▶ Source data
┌──
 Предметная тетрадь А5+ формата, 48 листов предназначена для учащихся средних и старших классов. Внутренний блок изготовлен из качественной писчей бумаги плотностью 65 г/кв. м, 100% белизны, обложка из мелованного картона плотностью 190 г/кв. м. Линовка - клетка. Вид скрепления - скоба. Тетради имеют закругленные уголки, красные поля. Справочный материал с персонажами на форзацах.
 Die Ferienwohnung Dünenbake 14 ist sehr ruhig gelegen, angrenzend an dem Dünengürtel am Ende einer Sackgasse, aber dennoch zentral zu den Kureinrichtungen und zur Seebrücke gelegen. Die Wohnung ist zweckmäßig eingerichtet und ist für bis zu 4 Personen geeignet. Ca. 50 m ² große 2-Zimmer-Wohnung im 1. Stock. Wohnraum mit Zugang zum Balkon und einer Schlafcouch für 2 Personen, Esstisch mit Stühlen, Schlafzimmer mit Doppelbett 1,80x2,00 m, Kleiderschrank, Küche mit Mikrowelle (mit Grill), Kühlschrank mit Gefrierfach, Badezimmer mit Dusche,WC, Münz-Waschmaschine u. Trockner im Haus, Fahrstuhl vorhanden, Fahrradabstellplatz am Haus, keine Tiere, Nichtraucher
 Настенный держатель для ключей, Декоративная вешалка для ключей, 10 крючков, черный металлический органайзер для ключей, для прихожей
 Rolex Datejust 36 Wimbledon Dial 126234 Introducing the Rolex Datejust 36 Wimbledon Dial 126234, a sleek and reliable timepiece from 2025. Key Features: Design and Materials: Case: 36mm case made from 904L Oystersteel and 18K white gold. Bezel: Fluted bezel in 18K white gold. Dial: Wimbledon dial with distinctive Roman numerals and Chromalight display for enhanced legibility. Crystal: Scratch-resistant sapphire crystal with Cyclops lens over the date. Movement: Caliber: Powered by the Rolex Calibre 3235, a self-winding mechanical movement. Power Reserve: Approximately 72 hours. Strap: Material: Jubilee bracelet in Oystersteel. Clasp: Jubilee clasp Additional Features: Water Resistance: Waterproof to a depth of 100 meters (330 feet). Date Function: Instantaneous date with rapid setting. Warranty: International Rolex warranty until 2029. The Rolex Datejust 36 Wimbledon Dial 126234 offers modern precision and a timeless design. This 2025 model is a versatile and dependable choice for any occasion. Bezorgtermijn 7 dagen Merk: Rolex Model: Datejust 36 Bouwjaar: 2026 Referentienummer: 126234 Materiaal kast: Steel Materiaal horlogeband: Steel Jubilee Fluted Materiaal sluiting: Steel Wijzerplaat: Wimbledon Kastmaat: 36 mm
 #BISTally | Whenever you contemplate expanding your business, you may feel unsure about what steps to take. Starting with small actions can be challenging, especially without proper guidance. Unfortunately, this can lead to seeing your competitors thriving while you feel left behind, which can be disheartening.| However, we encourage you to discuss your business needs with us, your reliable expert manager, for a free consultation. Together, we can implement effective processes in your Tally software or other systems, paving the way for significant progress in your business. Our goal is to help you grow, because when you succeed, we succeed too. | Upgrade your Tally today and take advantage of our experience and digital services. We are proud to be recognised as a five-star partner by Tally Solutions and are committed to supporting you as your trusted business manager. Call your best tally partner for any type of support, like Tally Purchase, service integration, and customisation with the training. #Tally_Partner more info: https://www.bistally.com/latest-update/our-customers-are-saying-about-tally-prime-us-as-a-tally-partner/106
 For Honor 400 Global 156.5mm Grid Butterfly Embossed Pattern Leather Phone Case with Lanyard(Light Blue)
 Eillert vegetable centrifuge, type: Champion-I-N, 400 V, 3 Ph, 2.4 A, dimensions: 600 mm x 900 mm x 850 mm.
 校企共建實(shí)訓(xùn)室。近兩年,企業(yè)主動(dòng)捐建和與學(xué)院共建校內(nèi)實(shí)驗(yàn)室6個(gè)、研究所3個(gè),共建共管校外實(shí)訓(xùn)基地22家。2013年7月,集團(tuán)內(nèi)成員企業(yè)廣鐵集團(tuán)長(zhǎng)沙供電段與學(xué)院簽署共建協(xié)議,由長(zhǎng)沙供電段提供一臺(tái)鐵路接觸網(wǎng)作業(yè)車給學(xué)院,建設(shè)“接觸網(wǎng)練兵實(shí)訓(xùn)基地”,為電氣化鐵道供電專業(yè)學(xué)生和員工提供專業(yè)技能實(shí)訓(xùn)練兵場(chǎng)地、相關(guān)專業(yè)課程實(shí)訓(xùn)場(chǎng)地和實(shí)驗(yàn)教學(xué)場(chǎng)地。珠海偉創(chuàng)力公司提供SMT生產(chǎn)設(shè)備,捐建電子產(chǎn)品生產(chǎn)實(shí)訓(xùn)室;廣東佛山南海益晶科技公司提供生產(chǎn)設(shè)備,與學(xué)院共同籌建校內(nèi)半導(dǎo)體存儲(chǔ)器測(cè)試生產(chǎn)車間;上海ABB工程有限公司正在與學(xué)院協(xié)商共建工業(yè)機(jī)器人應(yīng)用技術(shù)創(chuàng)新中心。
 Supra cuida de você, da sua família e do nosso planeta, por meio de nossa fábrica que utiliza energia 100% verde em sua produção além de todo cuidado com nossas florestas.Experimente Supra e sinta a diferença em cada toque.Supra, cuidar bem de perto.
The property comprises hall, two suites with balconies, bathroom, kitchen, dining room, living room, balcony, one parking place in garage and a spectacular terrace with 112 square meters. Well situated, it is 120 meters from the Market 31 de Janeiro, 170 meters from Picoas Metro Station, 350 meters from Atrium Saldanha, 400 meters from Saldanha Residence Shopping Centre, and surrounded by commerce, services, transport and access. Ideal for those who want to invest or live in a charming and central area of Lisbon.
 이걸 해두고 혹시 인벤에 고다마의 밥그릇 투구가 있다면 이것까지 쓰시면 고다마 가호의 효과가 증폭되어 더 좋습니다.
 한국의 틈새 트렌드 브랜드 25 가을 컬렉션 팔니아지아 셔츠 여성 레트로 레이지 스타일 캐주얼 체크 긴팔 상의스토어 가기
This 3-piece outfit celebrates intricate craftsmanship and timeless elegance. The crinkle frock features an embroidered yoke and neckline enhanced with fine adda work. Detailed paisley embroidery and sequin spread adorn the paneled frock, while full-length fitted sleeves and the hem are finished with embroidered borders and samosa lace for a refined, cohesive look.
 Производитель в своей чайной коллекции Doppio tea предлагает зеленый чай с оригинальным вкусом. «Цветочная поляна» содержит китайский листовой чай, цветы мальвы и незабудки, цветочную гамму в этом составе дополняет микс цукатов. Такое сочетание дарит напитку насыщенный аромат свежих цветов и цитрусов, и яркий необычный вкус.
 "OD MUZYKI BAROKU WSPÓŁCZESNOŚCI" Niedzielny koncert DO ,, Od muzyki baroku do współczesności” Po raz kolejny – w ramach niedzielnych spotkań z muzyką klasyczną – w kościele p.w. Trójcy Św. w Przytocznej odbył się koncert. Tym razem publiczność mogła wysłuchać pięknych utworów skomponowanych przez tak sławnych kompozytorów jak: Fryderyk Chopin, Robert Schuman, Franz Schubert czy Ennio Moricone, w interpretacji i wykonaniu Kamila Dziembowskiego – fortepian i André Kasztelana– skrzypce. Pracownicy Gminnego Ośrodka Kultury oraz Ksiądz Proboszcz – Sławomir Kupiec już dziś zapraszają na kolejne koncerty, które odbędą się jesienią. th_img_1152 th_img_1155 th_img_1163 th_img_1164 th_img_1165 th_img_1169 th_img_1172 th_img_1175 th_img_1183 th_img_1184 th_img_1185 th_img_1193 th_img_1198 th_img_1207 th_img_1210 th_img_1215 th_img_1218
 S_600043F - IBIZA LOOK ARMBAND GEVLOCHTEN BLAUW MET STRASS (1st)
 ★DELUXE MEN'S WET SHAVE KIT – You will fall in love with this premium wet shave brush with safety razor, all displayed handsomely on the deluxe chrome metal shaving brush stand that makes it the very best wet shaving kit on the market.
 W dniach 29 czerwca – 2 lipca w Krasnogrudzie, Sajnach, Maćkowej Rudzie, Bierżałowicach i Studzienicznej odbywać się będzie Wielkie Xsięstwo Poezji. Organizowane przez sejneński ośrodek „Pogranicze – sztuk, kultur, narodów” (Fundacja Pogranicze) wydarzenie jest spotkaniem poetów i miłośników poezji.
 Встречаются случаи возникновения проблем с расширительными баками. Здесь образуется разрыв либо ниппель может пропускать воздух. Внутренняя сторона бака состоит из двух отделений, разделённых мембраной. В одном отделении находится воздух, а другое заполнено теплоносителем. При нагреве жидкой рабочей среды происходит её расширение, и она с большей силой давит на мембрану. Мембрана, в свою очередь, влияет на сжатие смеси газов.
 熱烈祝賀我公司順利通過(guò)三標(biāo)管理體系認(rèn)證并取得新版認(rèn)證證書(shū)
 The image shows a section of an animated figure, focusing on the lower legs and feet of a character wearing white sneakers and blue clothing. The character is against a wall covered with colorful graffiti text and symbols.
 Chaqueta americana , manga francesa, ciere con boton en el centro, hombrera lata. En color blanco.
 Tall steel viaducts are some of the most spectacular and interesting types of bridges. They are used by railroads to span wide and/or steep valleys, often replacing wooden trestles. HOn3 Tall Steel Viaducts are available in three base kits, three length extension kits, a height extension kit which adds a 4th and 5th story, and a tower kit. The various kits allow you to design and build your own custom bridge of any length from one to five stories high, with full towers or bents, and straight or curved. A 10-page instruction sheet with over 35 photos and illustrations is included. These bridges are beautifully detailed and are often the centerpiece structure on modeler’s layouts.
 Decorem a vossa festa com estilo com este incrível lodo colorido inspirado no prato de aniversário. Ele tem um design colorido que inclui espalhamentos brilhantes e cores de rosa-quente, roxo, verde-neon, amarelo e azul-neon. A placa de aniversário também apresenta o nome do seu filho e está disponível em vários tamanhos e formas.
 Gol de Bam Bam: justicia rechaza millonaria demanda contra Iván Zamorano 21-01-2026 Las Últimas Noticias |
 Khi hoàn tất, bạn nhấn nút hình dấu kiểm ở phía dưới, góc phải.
└──
▶ Instructions for the task
Everything above from the line with "Встречаются случаи возникновения" to the line with "Chaqueta americana , manga", both included, must be repeated exactly, and nothing outside that range.

▶ Exercise answer
 Встречаются случаи возникновения проблем с расширительными баками. Здесь образуется разрыв либо ниппель может пропускать воздух. Внутренняя сторона бака состоит из двух отделений, разделённых мембраной. В одном отделении находится воздух, а другое заполнено теплоносителем. При нагреве жидкой рабочей среды происходит её расширение, и она с большей силой давит на мембрану. Мембрана, в свою очередь, влияет на сжатие смеси газов.
 熱烈祝賀我公司順利通過(guò)三標(biāo)管理體系認(rèn)證并取得新版認(rèn)證證書(shū)
 The image shows a section of an animated figure, focusing on the lower legs and feet of a character wearing white sneakers and blue clothing. The character is against a wall covered with colorful graffiti text and symbols.
 Chaqueta americana , manga francesa, ciere con boton en el centro, hombrera lata. En color blanco.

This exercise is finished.